Thank you, professor. You've shown me that it's never too late to start on a new venture. Maybe someday, when the stars align, we can ski with each other. Until  then, make turns for me! 



Puck it said:


> Stinkbug aka Tirkey Shoot or Diagonal or Spacewalk.



I thought Stinkbug, Turkey Chute and and Spacewalk are different chutes.


----------



## Huck_It_Baby (Jun 3, 2013)

snowmonster said:


> Glad you got the goods on Airplane. Seems that another friend of mine to whom I was also giving live reco made it. I guess I suffered so you didn't!
> 
> I'm planning to hit Tux this weekend (if not sooner depending on work). PM me where you may have lost your phone. I am not planning to head up the Lion Head trail though. If you really need to get the phone back, you may want to post on Time for Tuckerman since those guys are up there all the time.
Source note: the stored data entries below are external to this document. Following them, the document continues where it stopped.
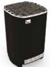
Fiber Coated Savonia
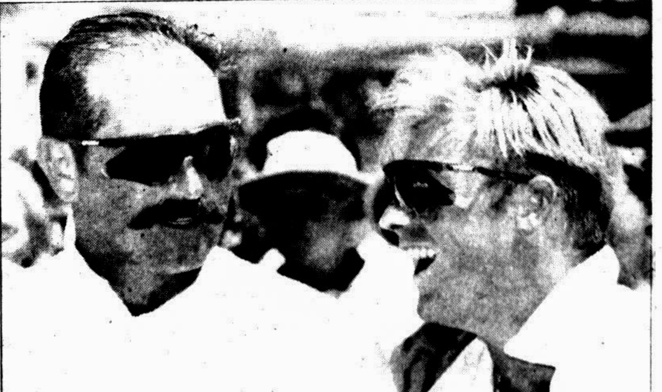
England's veteran campaigner Graham Gooch (L), who has announced his retirement from Test cricket, shares a joke with Aussie master leggie Shane Warne during the presentation ceremony at the end of the fifth Test in Perth yesterday.
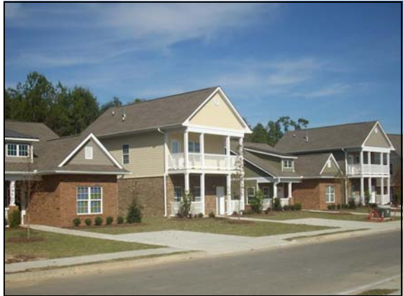
The Waterford | Dublin, GA Completed December 2010
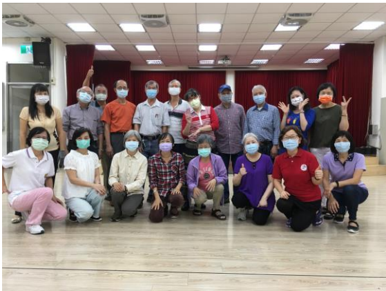
Fig 4. Dancers of the Ding How Square Dance Club wear masks to send Happy New Year wishes to our European friends afar.

It is anticipated that the coronaviruses will go “viral” during the winter. Forza! We hope all of us can overcome the difficulties. Faisons de notre mieux! We know we certainly will do our best to make it. Please stay happy, healthy and resilient, on and off the dance floor. Let’s cross our fingers and hope we shall jump higher in 2021! Alles Gute!
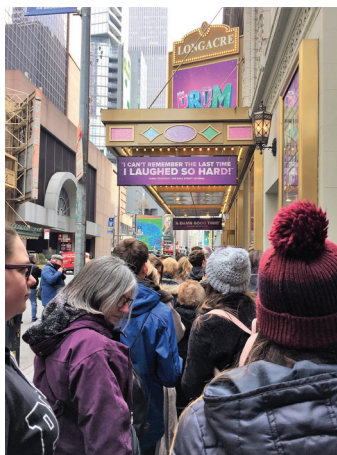
Students and chaperones head to the theater.

for helping to provide this rewarding experience for our students!
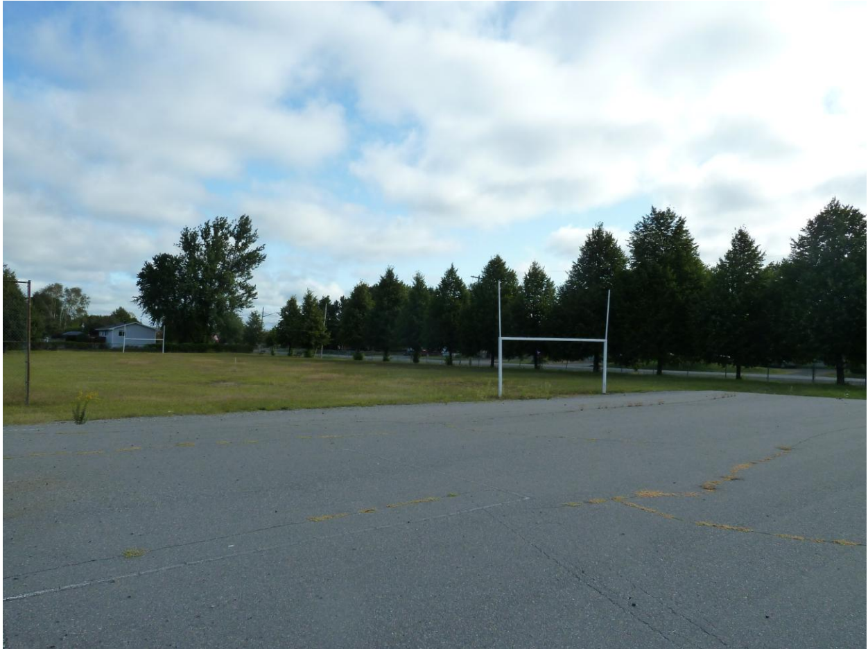
Photo 4: 1650 Dominion Drive, Val Therese View of school yard on northerly portion of property File 751-7/19-6 Photography August 22, 2019
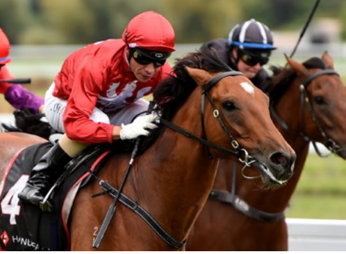
Volkstok'n'barrell (NZ) (Tavistock)

"I think he raced incredibly well, he's just such a genuine horse and he has tightened up nicely for the Captain Cook." Full story here.
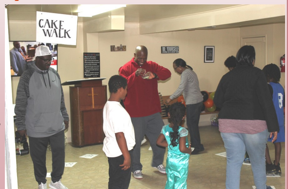
Harvest Party 2018
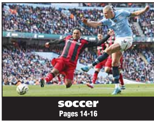
Soccer Pages 14-16
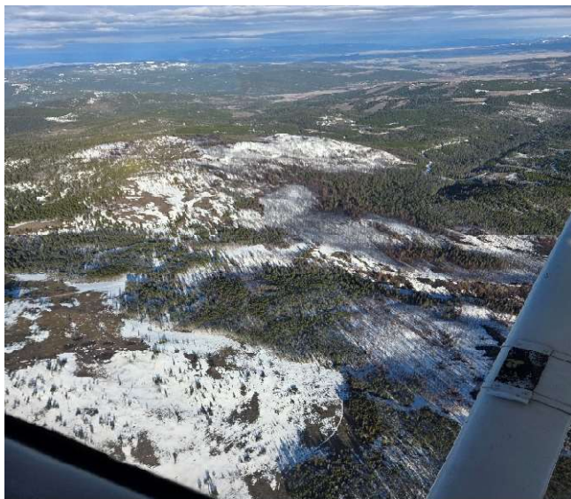
Jericho Mountain IRA, logging unit and the Jericho Mountain 2025 wildfire.

We then flew south to the Jericho Mountain IRA. There were no snowmobile tracks on the Divide north of the gate near Bullion Parks. Large areas were logged within the IRA along both sides of the CDNST. These areas were more visible since the last flight with receding snow.
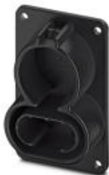
Park position, Retainer for Vehicle Connector as parking position at charging stations (EVSE), CCS type 1, SAE J1772, Front mounting

Please be informed that the data shown in this PDF Document is generated from our Online Catalog. Please find the complete data in the user's documentation. Our General Terms of Use for Downloads are valid ( http://phoenixcontact.com/download )
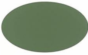
GLADE GREEN UC105745/5MG86770 PD400002
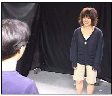
Figure 1. Example interaction in the empirical study (upper: Germany; lower: Japan)

For the CUBE-G project culture-specific nonverbal behaviour such as posture or expressivity of gestures was analysed (see Figure 1 for stereotypical body postures).
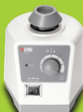
Nr. 1 MX-S Variable speed Vortex Mixer
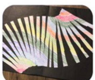
Ashton 19 hou...
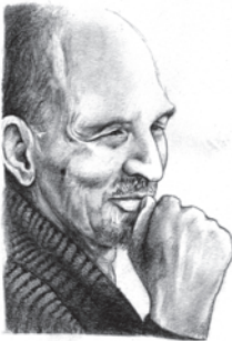
Ingmar Bergman 1918-2007

Ingmar Bergman is a well known Swedish director of films noted for their starkness, their subtle use of black and white and 'shades' of those extremes, the ambiguity of their content, and a certain brooding presence that seems to pervade them all. The list of Bergman films is long; his best known include The Seventh Seal (1957), Wild Strawberries (1958), The Virgin Spring (1960), The Silence (1963), Persona (1967), The Passion of Anna (1970), and Cries and Whispers (1973)—this last film in colour, though emphasising red in all its shadings. In the following selection, the Introduction to Four Screen-plays by Ingmar Bergman (1960), Bergman discusses how he views the art of film-making.
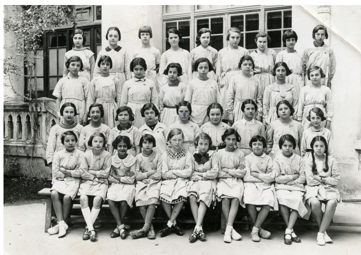
A Group of Tunisian School Girls, ca. 1930-1935.
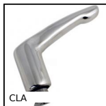
CLA Clamping lever Hygienic Usit® - female, Stainless steel
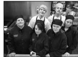
Hospitality and Tourism
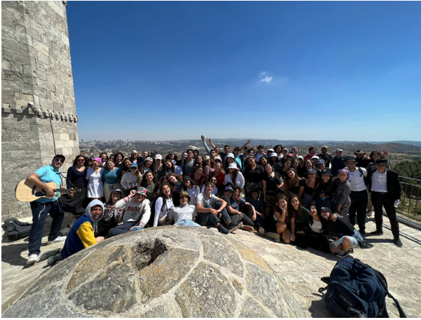
Shevet Glaubach Fellows and NCSYers in Israel

NCSY Shevet Glaubach Fellow and Advisor Kickoff
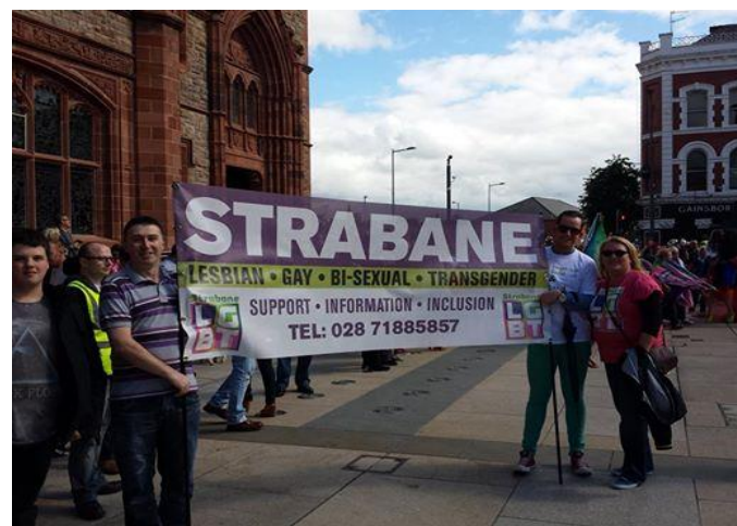
Foyle Pride Parade
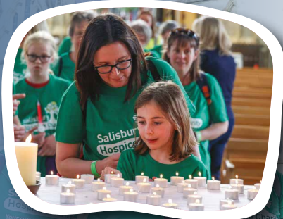
Celebration Walk Page 11
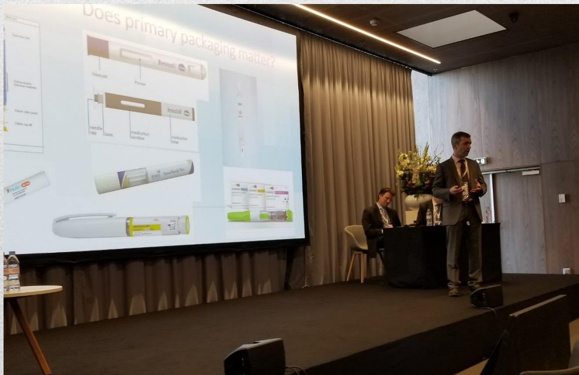
Pharmapack 2019 Technical Seminar on Primary Packaging
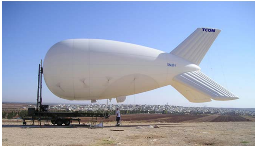
Figure 4. TCOM 17M RAID Aerostat

filled with low pressure helium. They can remain aloft for several days at a time and serve multiple roles such as a communications relay, aerial navigation and radar.
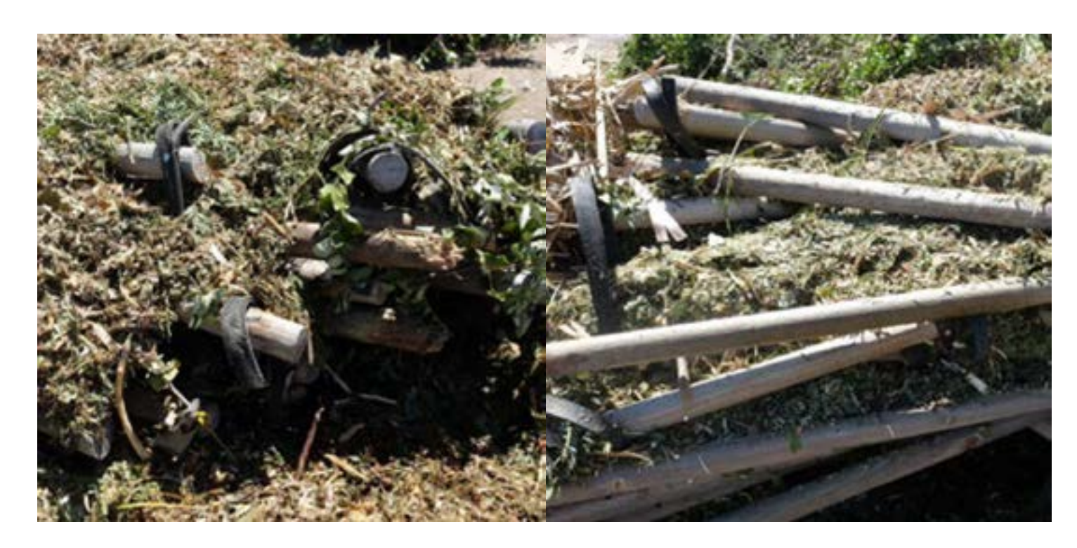
Tree Chips - Mixed Site 1: Wood Recycling Operation

Tree chips that contain lumber, chipped palm, or other fibrous materials. Loads cannot contain TRASH. Pressure treated tree stakes not accepted.
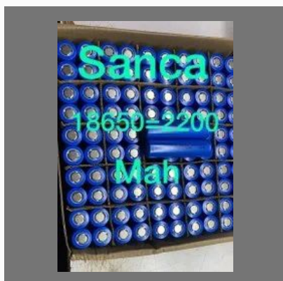
Lithium ion Battery Cell
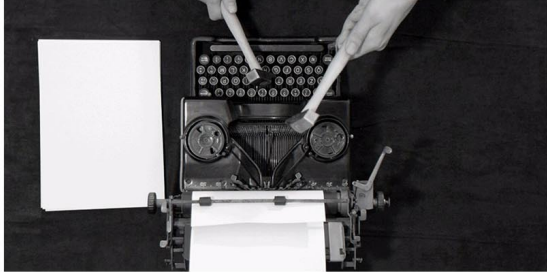
Mounir Fatmi.

7 Sep — 21 Oct 2017 at the Jane Lombard Gallery in New York, United States 12 SEPTEMBER 2017
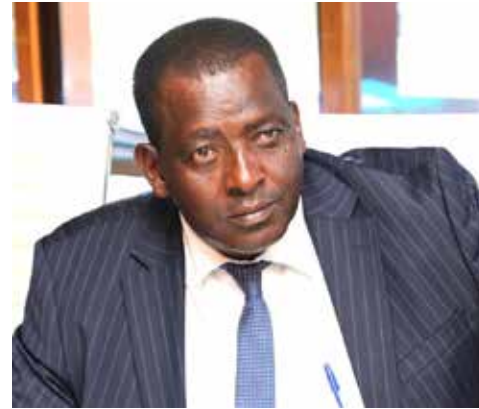
Senator George Mbugua

With the World Cup qualifier matches and Africa Cup of Nations competitions on the cards, a Senator has moved to the House to seek information on the level of the Country's preparedness.
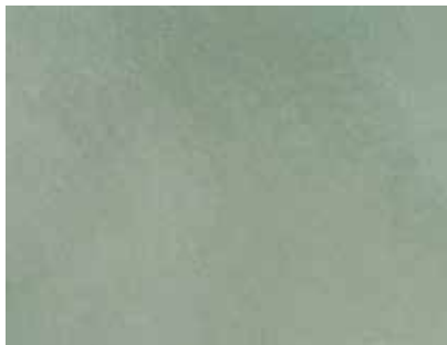
Sage | 669

Just posted over on T4T. Good idea thanks.


----------



## Huck_It_Baby (Jun 3, 2013)

SM- OK as I mentioned I had recon photos of Tux for you but lost my phone with the shots. So here is one my GF took from Lion Head on Saturday. 

Will it be worth skiing next weekend? I guess it depends on how bad you want to make turns and what the weather is like.


----------



## snowmonster (Jun 4, 2013)

Thanks for the photo, Huck it. Man, that looks like it's going. Even thinner than usual. I'm hoping that that small sliver of Sluice still holds up for a week or two.

Add: Just saw another TR on T4T. Sluice and bottom of Chute look dirty but it looks like they're good to go!Hooray June turns!


----------



## Huck_It_Baby (Jun 4, 2013)

Yeah I saw that TR. Super Dirty!


----------



## thetrailboss (Jun 4, 2013)

Wow.  I miss those trips.


----------



## snowmonster (Jun 4, 2013)

Huck_It_Baby said:


> Yeah I saw that TR. Super Dirty!


"...And I love that Dirty Water..."



thetrailboss said:


> Wow.  I miss those trips.


Yeah, man. It's not the same without you around. I remember when that 80 year old dude beat us up the mountain. Man, we were slow hikers! Then, there was that woman...:-D


----------



## thetrailboss (Jun 4, 2013)

snowmonster said:


> Yeah, man. It's not the same without you around. I remember when that 80 year old dude beat us up the mountain. Man, we were slow hikers! Then, there was that woman...:-D



:lol:


----------